Turks are indeed very friendly and polite and they do try, so my comments were not a criticism at all!  What I mean was that a Turkish person may not have much experience talking to a non-native speaker and because of that won't always realize what a non-native speaker might have trouble understanding.


----------



## Lyloo14

portumania said:


> Not everybody, try speaking in France elementary french, they pretend (yes pretend) that they do not understand anything and they force you to speank in english. even when both english and french are foreign languages for you.


 
I do not agree portumania, that depends mostly from the goodwill (and patience) one can have, and it would then be the same problem in every country.
But a french forcing you to speak english?? you're kidding? you certainly know that we're one of the worst "foreign language" (including english) speaking people.
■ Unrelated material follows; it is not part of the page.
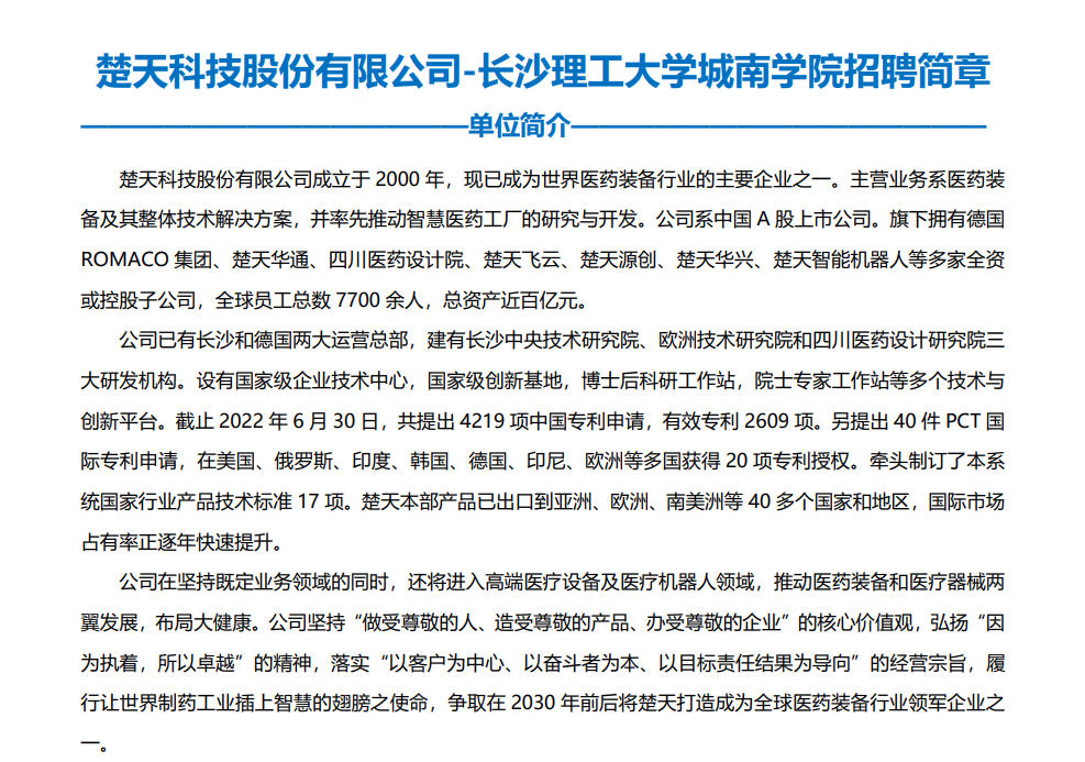楚天科技股份有限公司招聘简章
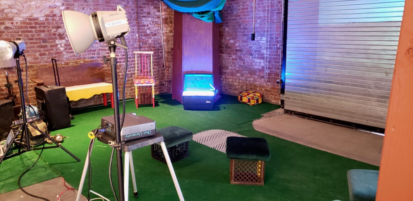 My experience of the 1-54 contemporary African art fair mostly consists of being awed by all the beauty contained within that (relatively) small building in Red Hook. Stopping in at the first space I encounter I see Azikiwe Mohammed working on elaborating his design of the lounge, which he conceived as a kind of extension of his New Davonhaime project, the name of which is a linguistic amalgam of the names of the five US cities with the highest concentration of African Americans. As indicated by the adjacent wall text, the essence of his lounge project is, similar to Davonhaime, to create a “town-cum-safe space.” But in addition to the features one might expect at an artist’s lounge — chairs, cushions, tapestries, audio speakers — there is also a cooler with its lid open emitting light from its inside like some urban holy grail.

French people speaking english are not that common, and most of them do not even understand (beside basics). Though I agree, some do pretend they don't understand, but it's just because they don't want to take the time to help.
You certainly had a bad experience (though you "felt" on a "rarity"> ie an english speaking french  ) Sorry for that...I can assure you that we don't all match your description, as for myself, I feel pretty honoured when a foreigner tries to speak my language

Also, I don't speak turkish (except a few words), but I live in a town in south France with a lot of Turkish people, and yes I second, they're always very happy and touched if you're able to speak their language.


----------



## Eline0909

Since I have spent some time in north and central parts of europe, I can easily compare turks with north/central europeans. The general attitude of north/central europeans to people who speak their language or try to speak their language is very negative. They diminish these people, and think that since they do not have the right accent (which is impossible after a certain age) these foreigners are second class people with no class. They diminish badly these people and look down to them.

However turks are very positive to people who speak or try to speak their language. Even the slightest effort is welcomed happily. And foreign people with their accents when they speak Turkish are considered to be cute.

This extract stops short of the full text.